Questa prassi dovrebbe essere presa a prestito, con tutte le riflessioni e le varianti possibili, per la produzione artigianale o industriale (perché no?) di nuovi oggetti a partire dal riciclo di cose vecchie o usurate.
Nuovi oggetti che contengano il fascino dell’antico o semplicemente recuperino il vecchio, che esibiscano le loro imperfezioni come fregi preziosi ed esaltino il connubio tra materiali e gusti diversi in un emozionante e poetica riproposizione. 

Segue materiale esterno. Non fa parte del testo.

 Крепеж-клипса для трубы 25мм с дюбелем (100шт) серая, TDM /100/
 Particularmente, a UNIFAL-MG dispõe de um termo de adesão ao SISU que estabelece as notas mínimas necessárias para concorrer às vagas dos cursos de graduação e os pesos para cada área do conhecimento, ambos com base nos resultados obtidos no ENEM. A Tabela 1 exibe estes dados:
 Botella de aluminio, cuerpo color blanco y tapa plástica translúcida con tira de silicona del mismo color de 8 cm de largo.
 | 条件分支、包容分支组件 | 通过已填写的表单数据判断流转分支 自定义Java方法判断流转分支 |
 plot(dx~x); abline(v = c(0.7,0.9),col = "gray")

l’immagine dei luoghi del lavoro

Sempre a proposito di Corporate Identity, anche i luoghi del nostro lavoro dovrebbero portare i segni che ci appartengono.
Ovvio che non tutti possono permettersi archistar e spese importanti ma varrebbe sempre la pena considerare il luogo dove svolgiamo la nostra attività come il primo biglietto da visita che mostriamo. Pensiamo anche solo alla targa, all’insegna, grande o piccola che sia. All’ingresso, ai luoghi di rappresentanza, sala riunioni, showroom.
Qualche idea.
– Ordine, semplicità, pochi segni inequivocabili che dicano quello che siamo.

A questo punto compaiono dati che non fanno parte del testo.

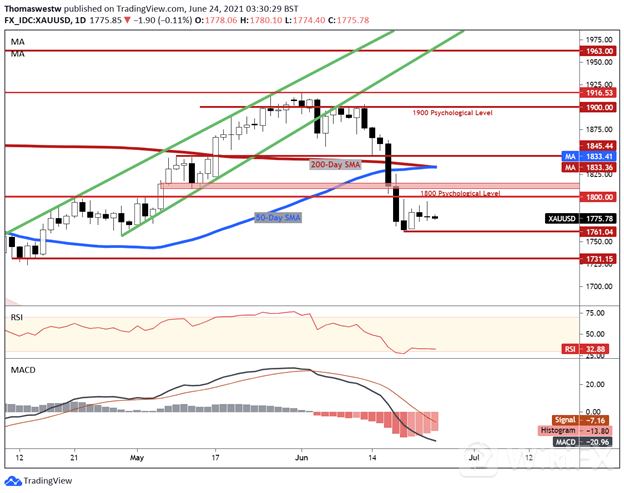 尽管金价大幅下跌,但黄金的技术走势看来将出现修正性走高。在50- 200日简单移动均线之间形成的看涨黄金交叉暗示上行势头可能很快出现。1800点的心理位是近期阻力位。或者,近期的波动低点1761.04可能为下行提供支撑区域。
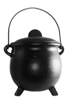 Of a rather unique design, this black, Cast Iron Cauldron is a solid tool for any altar. Set upon three legs, it starts wide at its base and tapers gently to a narrower mouth. Approx. 4 1/2" at widest point X 4 1/2" to top of lid.
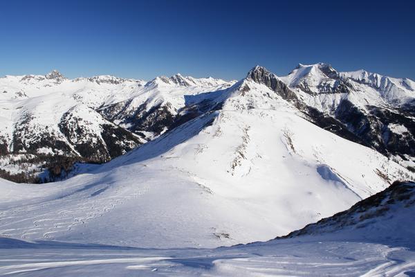| Nachdem sich der Gipfelbereich des Seeköpfl mit ca. 5 Schitourengehern "gefüllt" hat, folgen wir ihren Abfahrtsspuren - die Gröbnitzen vor Augen. Diesen Gipfel werden wir heute beim Abstieg überschreiten. |
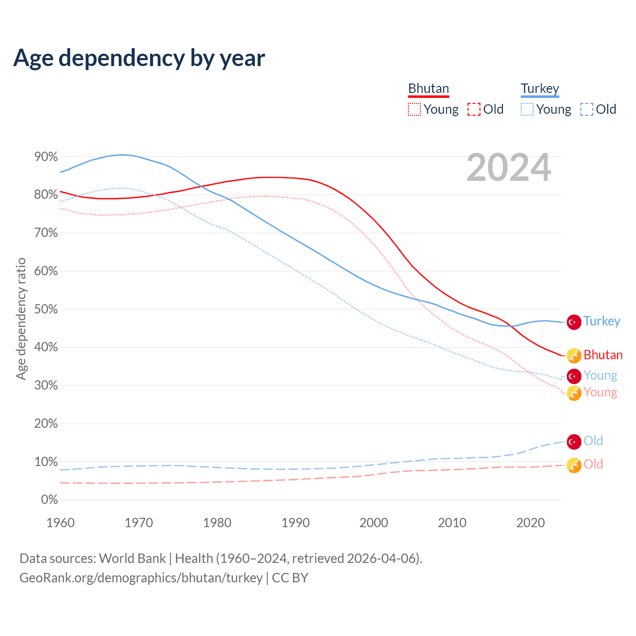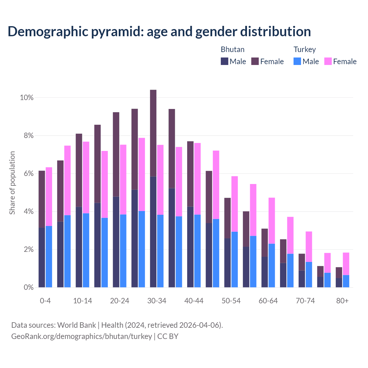 - Bhutan is ranked 95/196 by median age (oldest to youngest) vs 83/196 for Turkey.

– La corporate identity non può dimenticare l’edificio che mostra chi siamo. Ripeto, se non è un edificio importante sarà piccolo, magari sarà solo un muro, una vetrina, un cancello, una porta, la targhetta del campanello… facciamo vedere che teniamo ai dettagli.
– Quasi sempre val la pena togliere anzichè aggiungere. Spesso funziona ripulire da tutto e concentrare l’attenzione su di un solo elemento. Una grande immagine, una scultura, il logo 3d, un videowall, un quadro, una scritta.
– Facciamo attenzione ai colori, anche qui meglio ridurre che abbondare.
– Non sempre materiali costosi sono sinonimo di eleganza.
– L’illuminazione gioca un ruolo essenziale nel mostrare cura e stile. Dal taglio delle aperture all’illuminazione generale. Anche le luci mostrano quello che pensiamo.
Alla fine la cosa più importante è porsi la questione e tener presente che le risposte sono sempre molte di più di quello che in prima battuta pensiamo.